*** Data extract ***
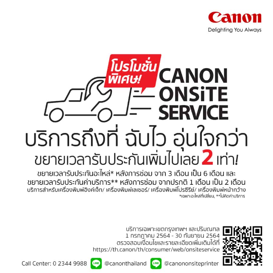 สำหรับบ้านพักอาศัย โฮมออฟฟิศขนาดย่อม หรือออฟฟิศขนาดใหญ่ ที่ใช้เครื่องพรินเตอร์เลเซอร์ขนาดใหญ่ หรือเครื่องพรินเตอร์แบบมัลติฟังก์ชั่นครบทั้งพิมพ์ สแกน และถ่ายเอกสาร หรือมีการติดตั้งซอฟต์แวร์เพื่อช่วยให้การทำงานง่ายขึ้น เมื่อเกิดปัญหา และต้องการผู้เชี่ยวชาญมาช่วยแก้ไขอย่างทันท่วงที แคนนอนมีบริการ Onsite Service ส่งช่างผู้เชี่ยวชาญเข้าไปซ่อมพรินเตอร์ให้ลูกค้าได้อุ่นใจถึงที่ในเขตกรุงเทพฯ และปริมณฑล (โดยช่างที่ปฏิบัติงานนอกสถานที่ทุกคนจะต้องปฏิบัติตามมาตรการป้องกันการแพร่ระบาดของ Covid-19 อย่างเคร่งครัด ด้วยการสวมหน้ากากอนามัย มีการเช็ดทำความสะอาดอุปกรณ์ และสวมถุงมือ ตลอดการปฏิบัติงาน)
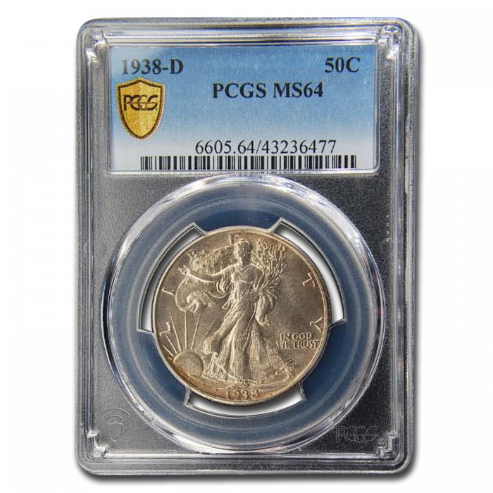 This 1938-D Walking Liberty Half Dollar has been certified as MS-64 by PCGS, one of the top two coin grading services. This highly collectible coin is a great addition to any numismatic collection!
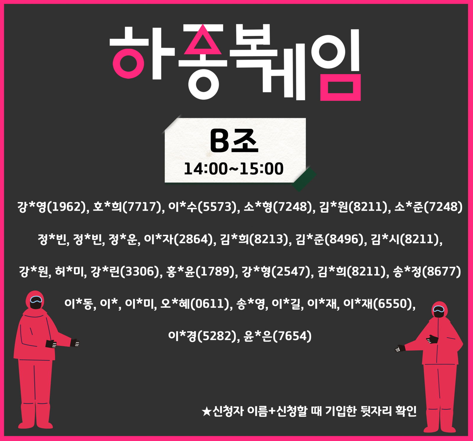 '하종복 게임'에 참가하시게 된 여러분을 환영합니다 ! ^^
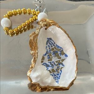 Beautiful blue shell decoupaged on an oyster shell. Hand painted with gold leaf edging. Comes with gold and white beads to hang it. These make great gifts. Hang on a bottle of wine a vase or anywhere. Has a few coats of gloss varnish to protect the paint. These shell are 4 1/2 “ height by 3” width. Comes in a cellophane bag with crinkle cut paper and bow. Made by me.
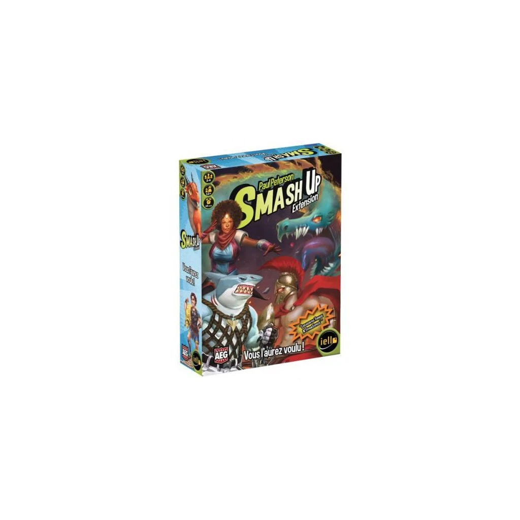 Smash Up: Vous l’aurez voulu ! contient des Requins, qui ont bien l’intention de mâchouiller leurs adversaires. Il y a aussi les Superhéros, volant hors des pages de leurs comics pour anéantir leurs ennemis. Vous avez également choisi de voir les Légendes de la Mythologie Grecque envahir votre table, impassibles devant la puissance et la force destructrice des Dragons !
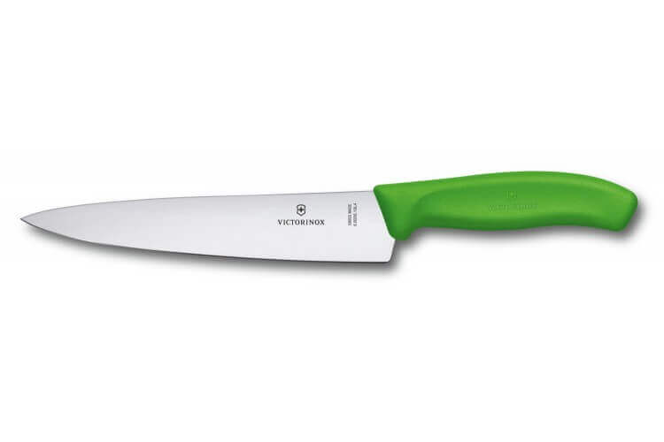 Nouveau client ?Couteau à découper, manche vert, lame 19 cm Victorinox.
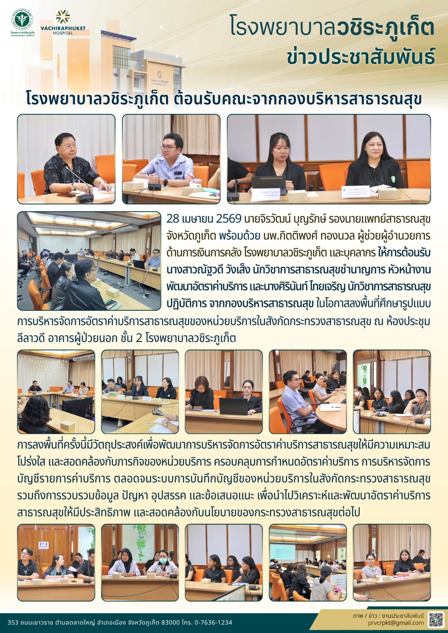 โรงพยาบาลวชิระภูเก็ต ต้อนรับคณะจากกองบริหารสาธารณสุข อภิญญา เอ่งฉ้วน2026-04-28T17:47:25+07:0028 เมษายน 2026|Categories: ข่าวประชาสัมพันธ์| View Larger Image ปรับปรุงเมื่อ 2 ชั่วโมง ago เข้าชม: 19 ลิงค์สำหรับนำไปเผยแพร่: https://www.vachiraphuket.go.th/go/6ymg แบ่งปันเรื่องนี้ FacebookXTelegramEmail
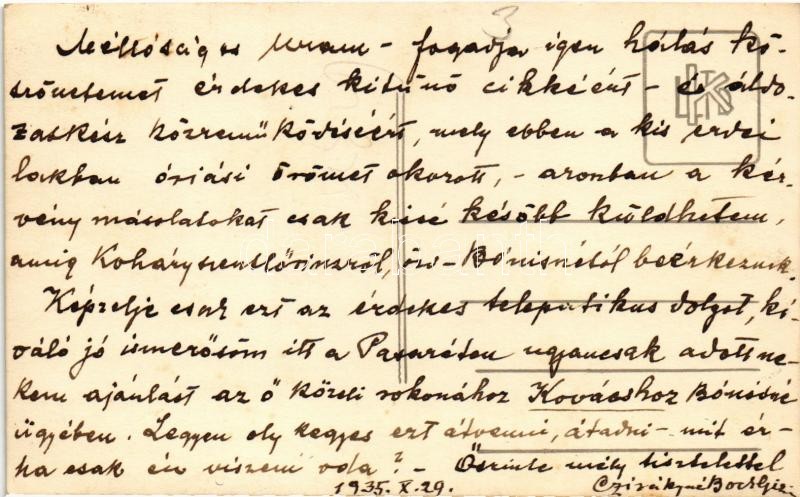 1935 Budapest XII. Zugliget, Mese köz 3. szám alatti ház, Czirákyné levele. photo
*** End of Data extract ***
*** Data extract ***
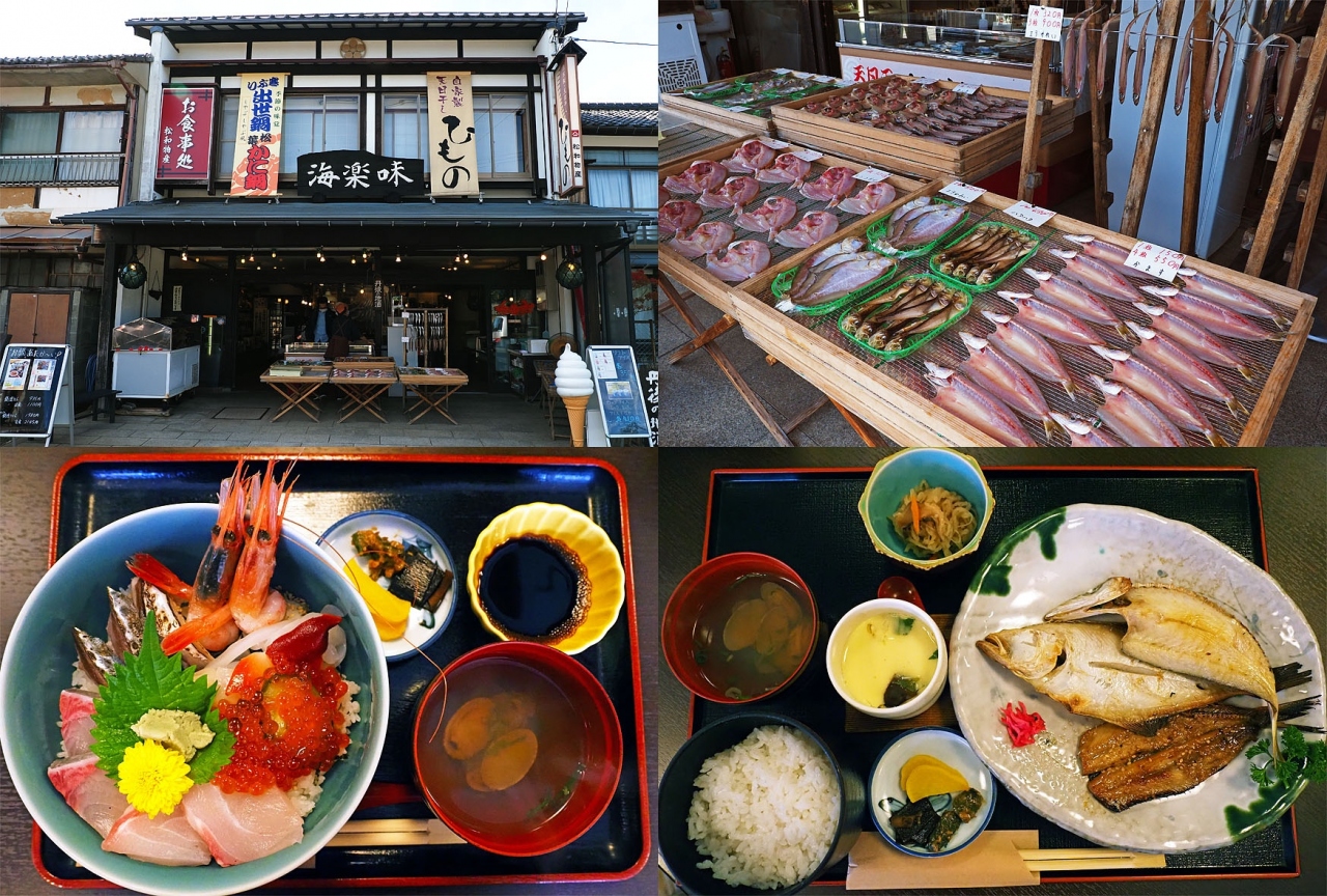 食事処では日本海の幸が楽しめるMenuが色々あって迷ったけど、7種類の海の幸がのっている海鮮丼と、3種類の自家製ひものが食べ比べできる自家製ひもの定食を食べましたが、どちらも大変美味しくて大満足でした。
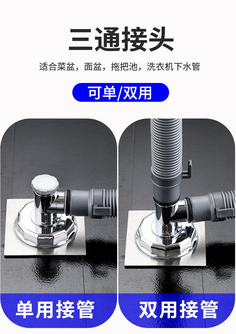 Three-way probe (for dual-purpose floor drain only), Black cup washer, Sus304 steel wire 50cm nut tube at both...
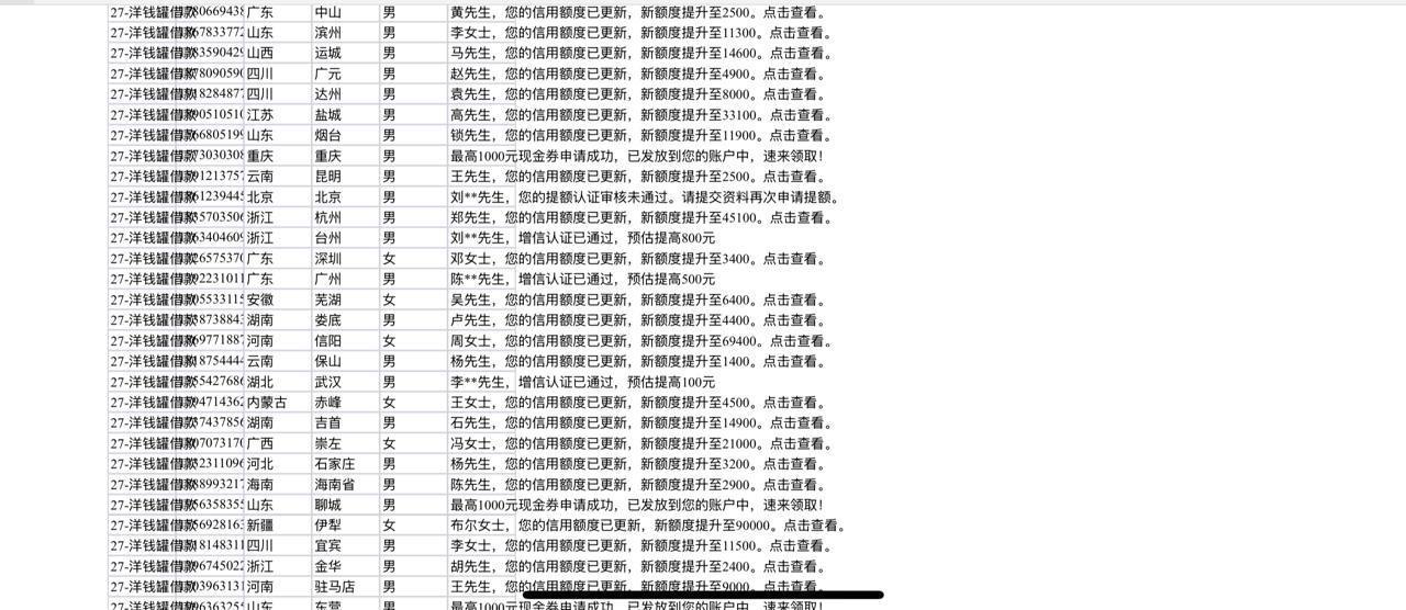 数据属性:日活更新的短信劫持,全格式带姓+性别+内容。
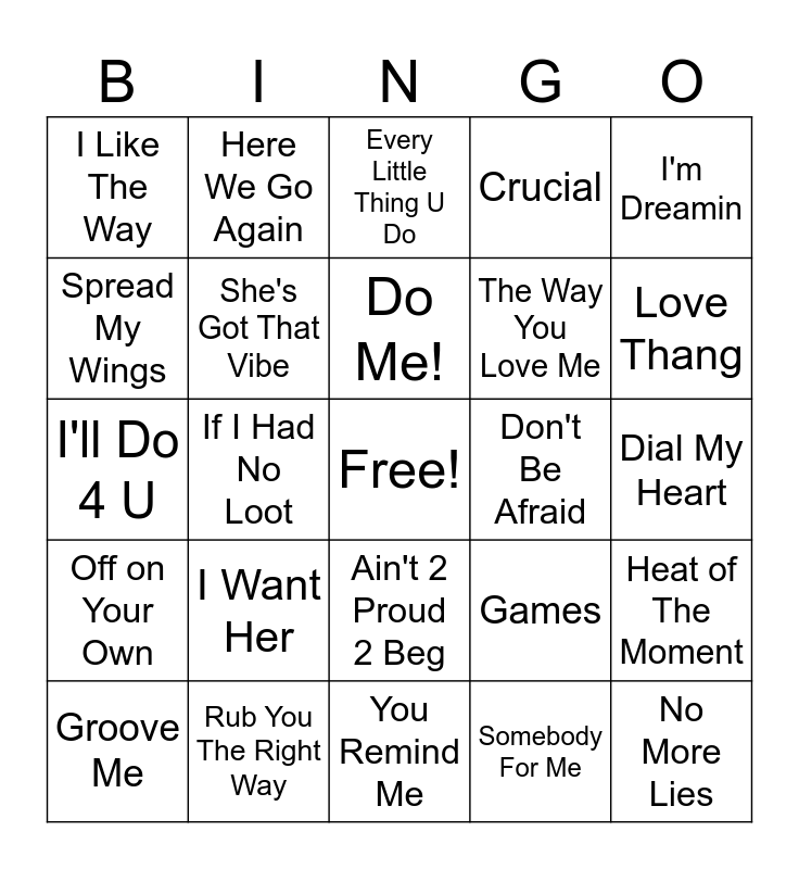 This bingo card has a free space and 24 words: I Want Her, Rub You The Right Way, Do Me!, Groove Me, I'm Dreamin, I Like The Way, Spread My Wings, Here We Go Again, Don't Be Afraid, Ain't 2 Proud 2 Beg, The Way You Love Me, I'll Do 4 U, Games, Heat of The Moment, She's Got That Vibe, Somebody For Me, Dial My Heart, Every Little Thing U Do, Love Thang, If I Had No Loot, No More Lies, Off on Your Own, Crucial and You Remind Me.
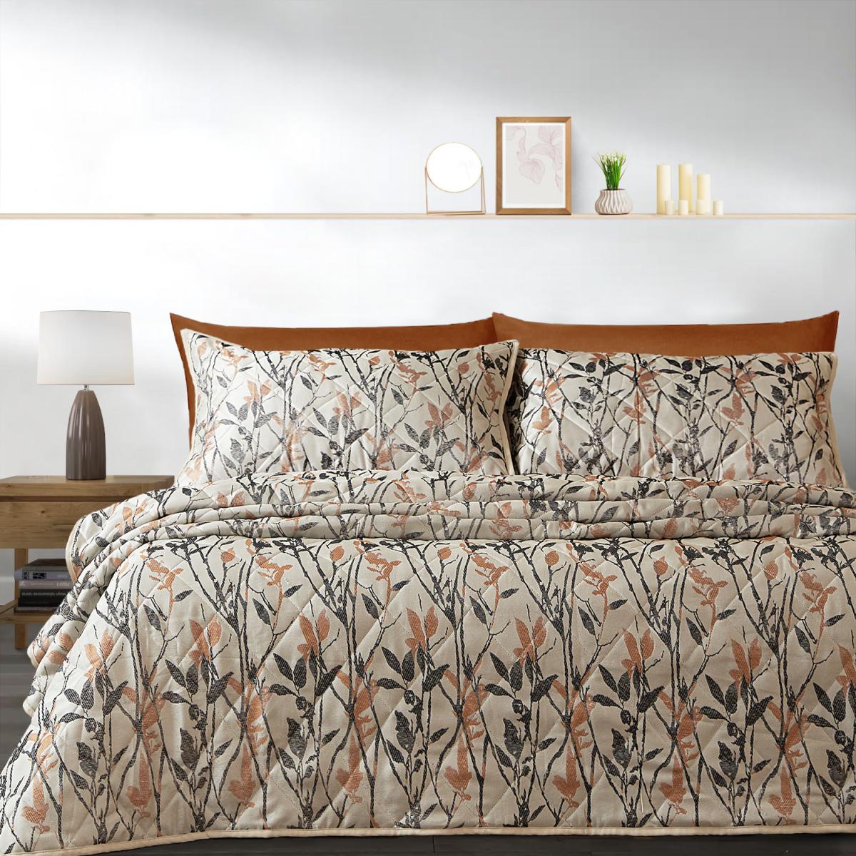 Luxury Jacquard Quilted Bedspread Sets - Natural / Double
*** End of Data extract ***
> [Directions for this task]
Within the entries above, give again exactly the lines starting at the one that contains "โรงพยาบาลวชิระภูเก็ต ต้อนรับคณะจากกองบริหารสาธารณสุข อภิญญา" and ending at the one that contains "1935 Budapest XII.", leaving out the pictures.

> [Response to this exercise]
 โรงพยาบาลวชิระภูเก็ต ต้อนรับคณะจากกองบริหารสาธารณสุข อภิญญา เอ่งฉ้วน2026-04-28T17:47:25+07:0028 เมษายน 2026|Categories: ข่าวประชาสัมพันธ์| View Larger Image ปรับปรุงเมื่อ 2 ชั่วโมง ago เข้าชม: 19 ลิงค์สำหรับนำไปเผยแพร่: https://www.vachiraphuket.go.th/go/6ymg แบ่งปันเรื่องนี้ FacebookXTelegramEmail
 1935 Budapest XII. Zugliget, Mese köz 3. szám alatti ház, Czirákyné levele. photo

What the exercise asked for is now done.